** Opening STORED DATA block **

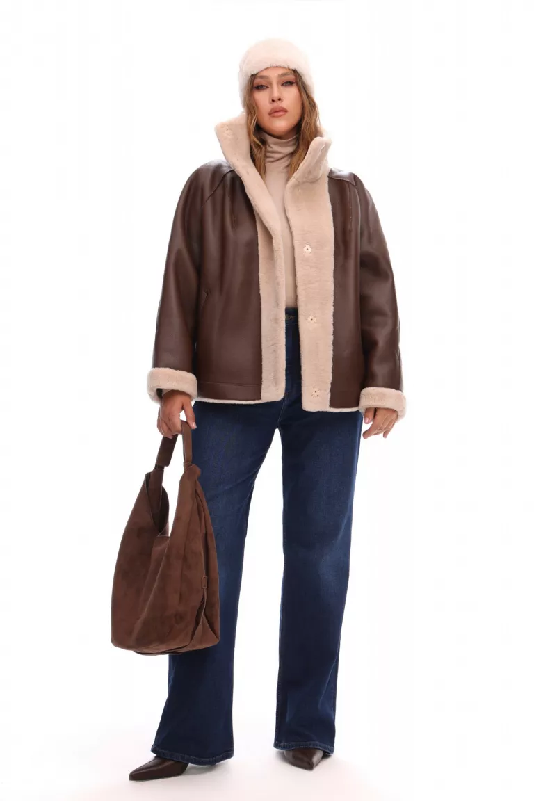 Куртка дубленка из двусторонней ткани на шерстяной основе (меринос). Дубленка с внутренней застежкой кнопки. Длина до середины бедра. Воротник высокая стойка. Спереди внутренние карманы. Рукав реглан, длинный, широкий, с меховой опушкой, пройма широкая. Покрытие экокожа наппа пропитана раствором, содержащим искусственную полимерную кожу, поверхность дубленки при этом выглядит как кожаная. Можно носить на две стороны.
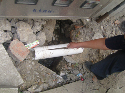 得知這一情況后,記者隨即趕到了謝家集區(qū)新華村,在村內(nèi)記者看到,原本架空的供水管道已經(jīng)全部改成地下鋪設(shè)了,在李先生的帶領(lǐng)下,記者看到很多正在施工的管道,直接浸泡在化糞池或者下水道內(nèi),讓人看了很不舒服。記者隨即電話聯(lián)系了西城水務(wù)工程部。據(jù)西城水務(wù)工程部一位姓景的同志介紹:“由于以前新華村內(nèi)飲用水管道是高空架設(shè),到了冬季經(jīng)常會因為保溫層脫落造成管道結(jié)冰,給村內(nèi)居民日常用水帶來一定困難。為了徹底解決居民冬季用水難的問題,西城水務(wù)決定把新華村內(nèi)管道重新鋪設(shè),由架空管道改為地下埋設(shè)管道,這樣就可以徹底解決冬季管道結(jié)冰的問題。至于記者提到的管道直接經(jīng)過化糞池和下水道,景先生告訴記者按照有關(guān)規(guī)定這是絕對不允許的。因為,萬一管道發(fā)生泄漏、或者安裝時接縫不嚴,肯定會對管道內(nèi)的飲用水造成污染,直接影響飲用者的身體健康。為了防止管道內(nèi)飲用水被污染,按照規(guī)定,即使是埋在地下的管道也必須要經(jīng)過“套管”處理,所謂“套管”就是在PPR管道外再套一層大的密封管道,這樣即使輸水管發(fā)生泄漏,也不會對飲用水造成污染,從而確保飲水安全。而即使是安裝了“套管”的管道,也不允許從化糞池和下水道內(nèi)經(jīng)過。由于新華村管線改造工程是承包給某施工單位負責(zé)施工,整個改造工程還沒有結(jié)束,西城水務(wù)還沒有對改造工程進行驗收!
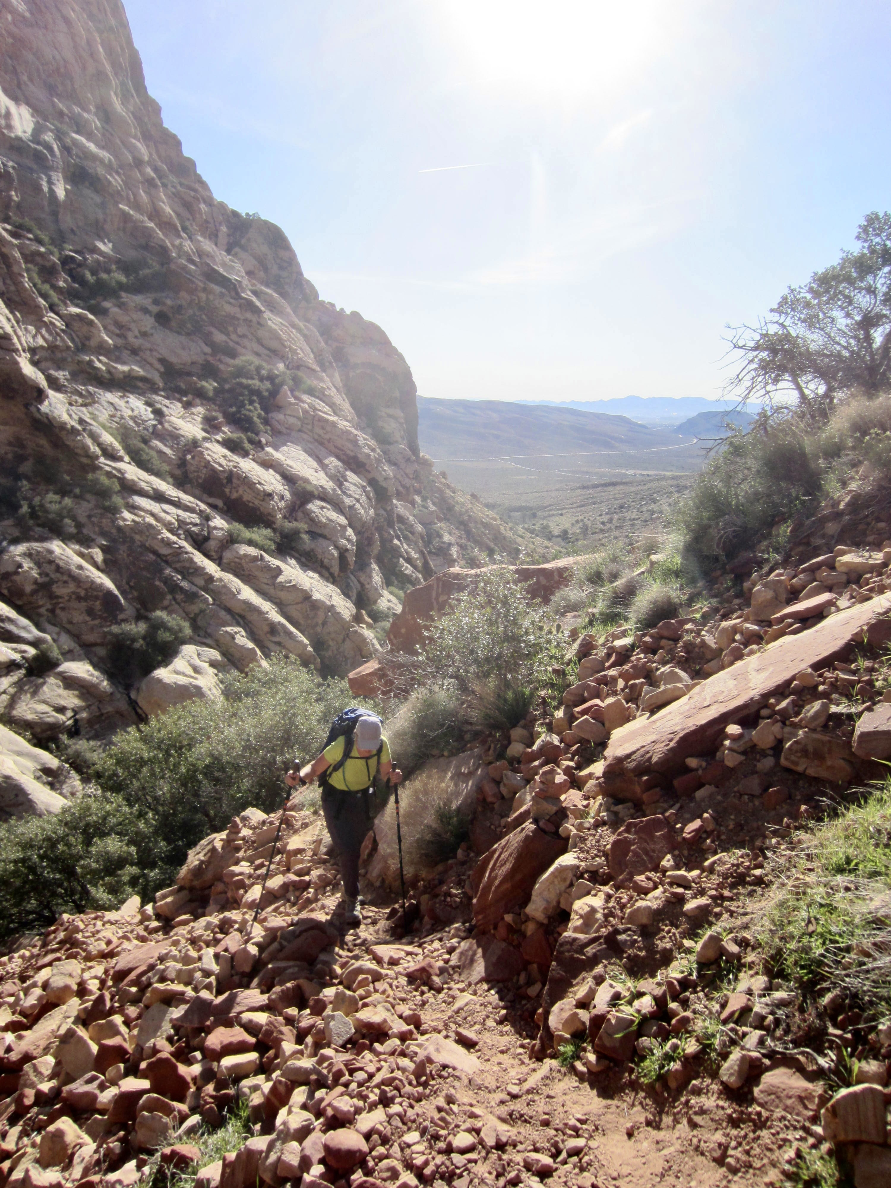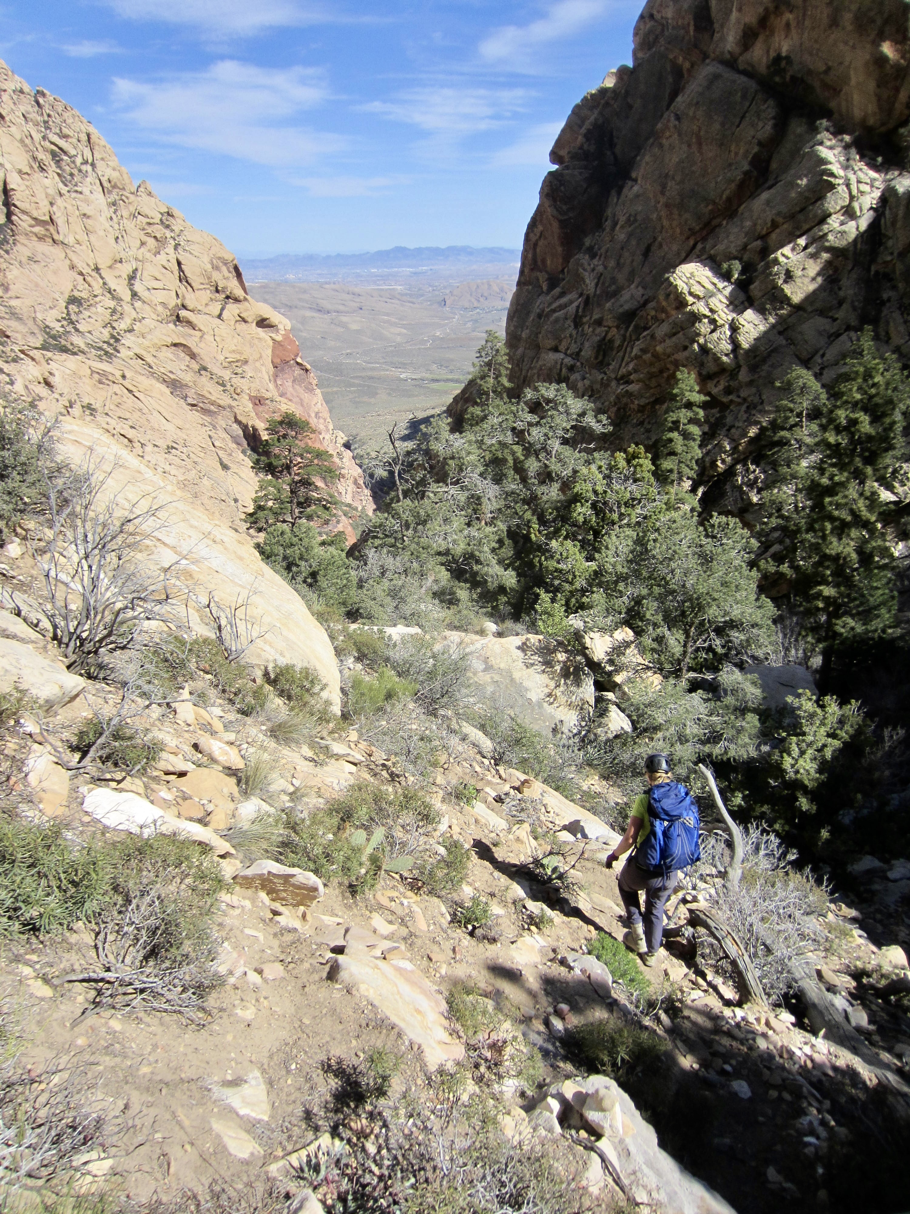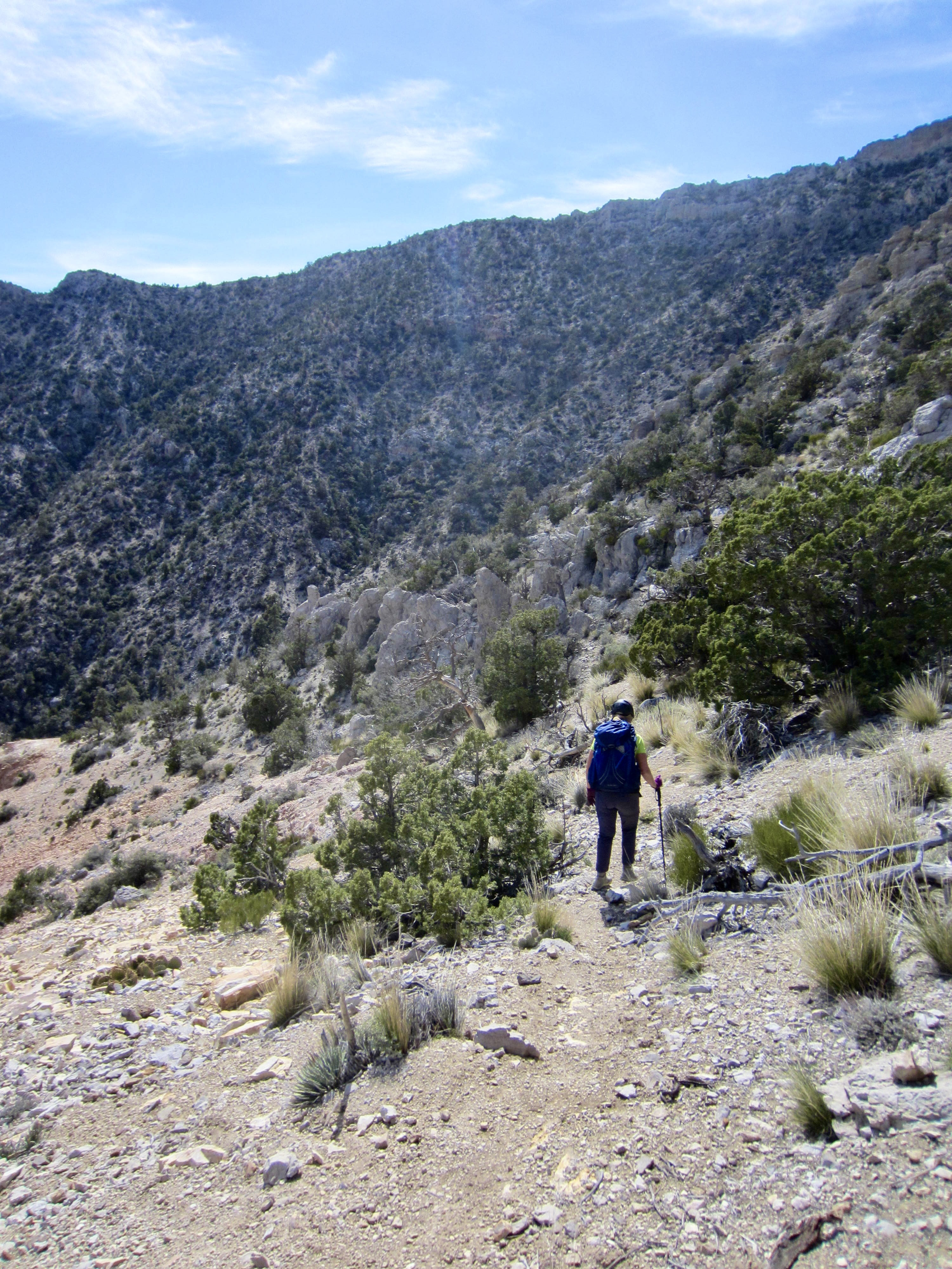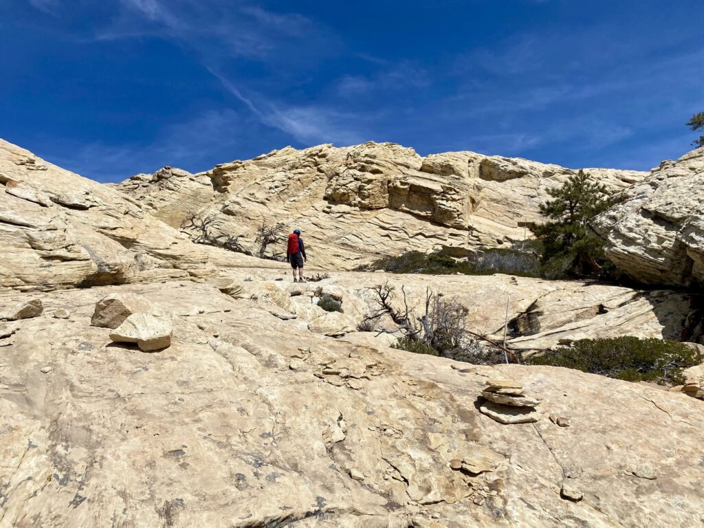 During our descent, it was much easier to stay on-route down the southwest ridge and back through First Creek Canyon, largely because the trail segments and the various stone markers are far more visible from above. We were happily able to avoid any bushwhacking or ropework. However, the canyon seemed longer and the scrambling felt more tedious than it had during our ascent.

** Closing STORED DATA block **

EXERCISE AIM = Give back, word for word, the lines from the one containing "得知這一情況后,記者隨即趕到" through the last line of the listing above; include both ends and exclude the pictures.

TASK ANSWER =
 得知這一情況后,記者隨即趕到了謝家集區(qū)新華村,在村內(nèi)記者看到,原本架空的供水管道已經(jīng)全部改成地下鋪設(shè)了,在李先生的帶領(lǐng)下,記者看到很多正在施工的管道,直接浸泡在化糞池或者下水道內(nèi),讓人看了很不舒服。記者隨即電話聯(lián)系了西城水務(wù)工程部。據(jù)西城水務(wù)工程部一位姓景的同志介紹:“由于以前新華村內(nèi)飲用水管道是高空架設(shè),到了冬季經(jīng)常會因為保溫層脫落造成管道結(jié)冰,給村內(nèi)居民日常用水帶來一定困難。為了徹底解決居民冬季用水難的問題,西城水務(wù)決定把新華村內(nèi)管道重新鋪設(shè),由架空管道改為地下埋設(shè)管道,這樣就可以徹底解決冬季管道結(jié)冰的問題。至于記者提到的管道直接經(jīng)過化糞池和下水道,景先生告訴記者按照有關(guān)規(guī)定這是絕對不允許的。因為,萬一管道發(fā)生泄漏、或者安裝時接縫不嚴,肯定會對管道內(nèi)的飲用水造成污染,直接影響飲用者的身體健康。為了防止管道內(nèi)飲用水被污染,按照規(guī)定,即使是埋在地下的管道也必須要經(jīng)過“套管”處理,所謂“套管”就是在PPR管道外再套一層大的密封管道,這樣即使輸水管發(fā)生泄漏,也不會對飲用水造成污染,從而確保飲水安全。而即使是安裝了“套管”的管道,也不允許從化糞池和下水道內(nèi)經(jīng)過。由于新華村管線改造工程是承包給某施工單位負責(zé)施工,整個改造工程還沒有結(jié)束,西城水務(wù)還沒有對改造工程進行驗收!
 During our descent, it was much easier to stay on-route down the southwest ridge and back through First Creek Canyon, largely because the trail segments and the various stone markers are far more visible from above. We were happily able to avoid any bushwhacking or ropework. However, the canyon seemed longer and the scrambling felt more tedious than it had during our ascent.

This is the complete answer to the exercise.